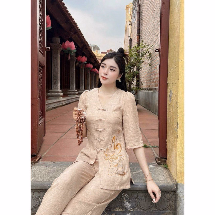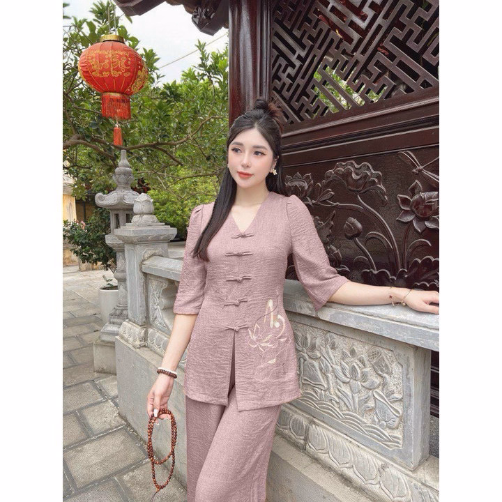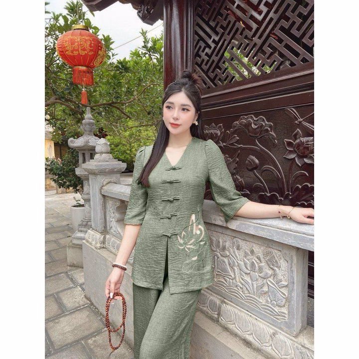Set Bộ Lam Đi Chùa Tay Lỡ Nút Mây St1152- Sam Store
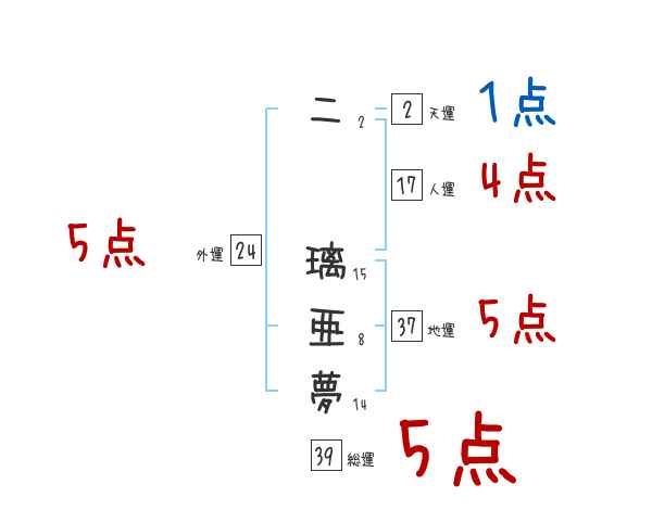総運![]() | 二璃亜夢さんの総運は39画の5つ星!社交性に優れ人望が厚い。人の上に立ち成功する。 あなたの人生を表す1番重要な運勢です。生涯を通じて影響する総合運となり、主に50歳以降の晩年期に影響を及ぼします。 |
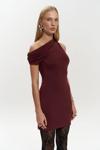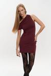 Streç kumaştan üretilmiş, düz kesimli mini ve uzun boy seçeneklerine sahip. Kayık yakalı, düşük omuzlu ve asimetrik tasarım.
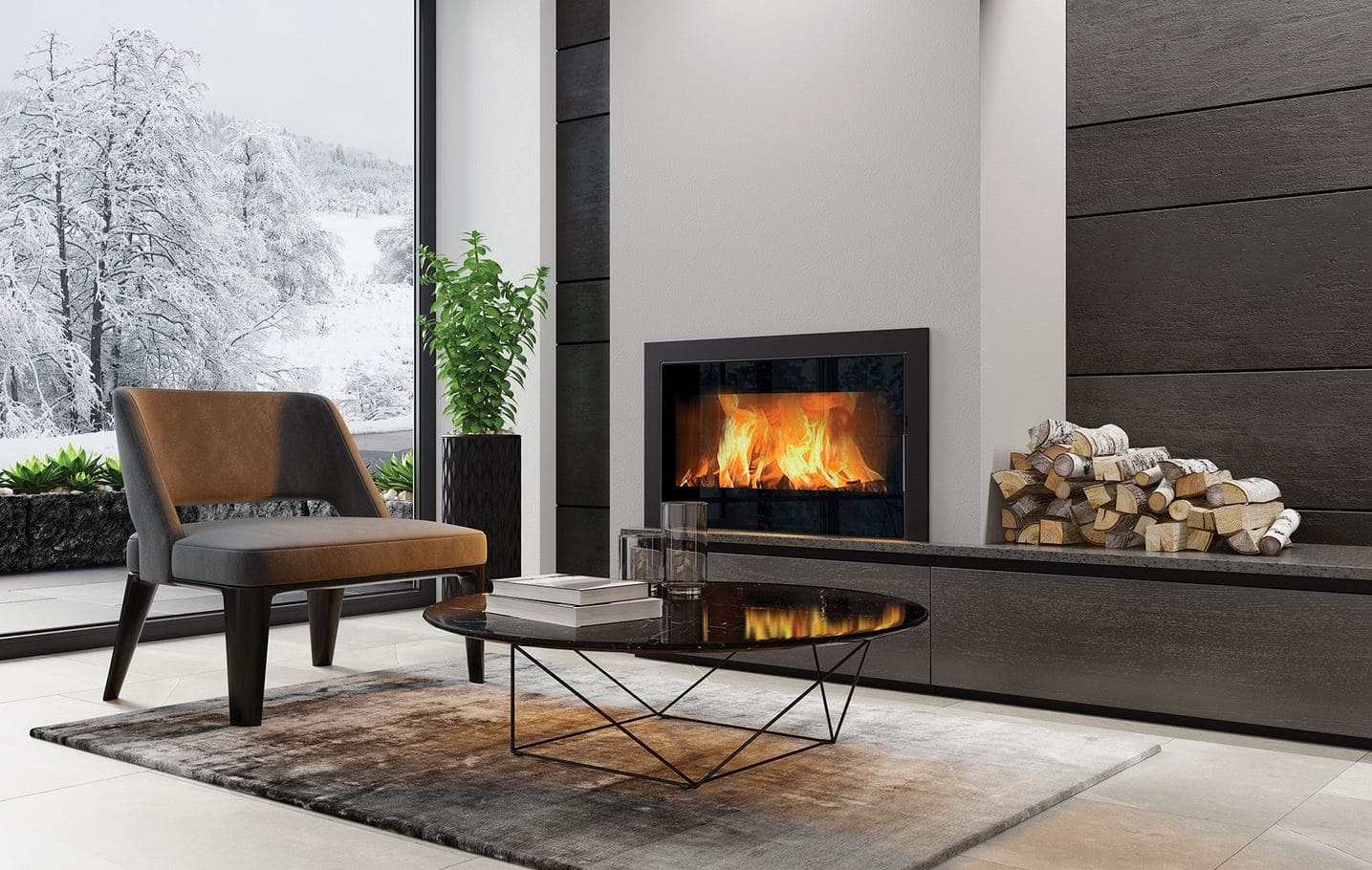 Poêle à Bois Chamonix XXL Décor Céramique porte Laitonnée 12kW
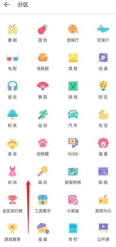 1、首先,打开哔哩哔哩,点击右上角分区图标。
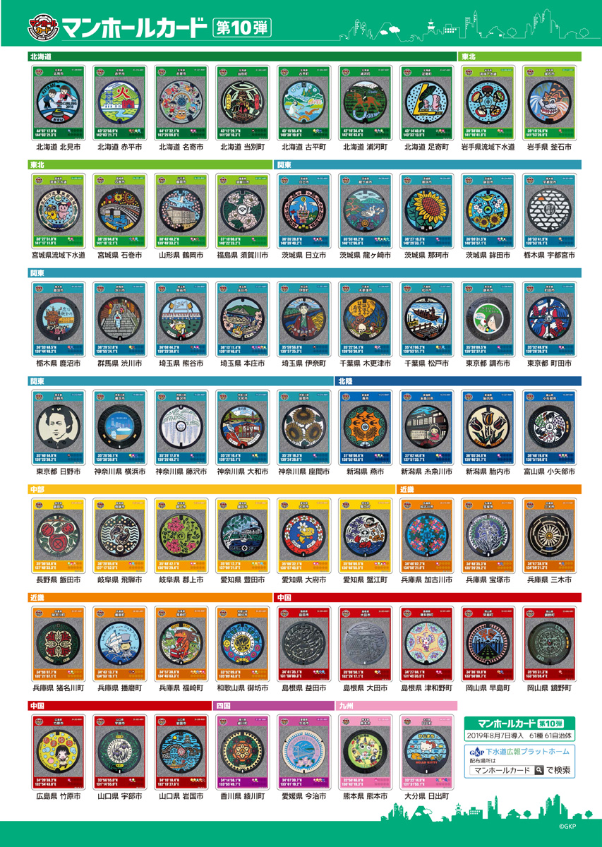 「マンホールカード」第10弾配布開始、47自治体61種類。国交省
━━━
What is needed:
Your answer must be the lines from the one containing "Streç kumaştan üretilmiş, düz" through the last line of the listing above, restated word for word, with no pictures.

Exercise result:
 Streç kumaştan üretilmiş, düz kesimli mini ve uzun boy seçeneklerine sahip. Kayık yakalı, düşük omuzlu ve asimetrik tasarım.
 Poêle à Bois Chamonix XXL Décor Céramique porte Laitonnée 12kW
 1、首先,打开哔哩哔哩,点击右上角分区图标。
 「マンホールカード」第10弾配布開始、47自治体61種類。国交省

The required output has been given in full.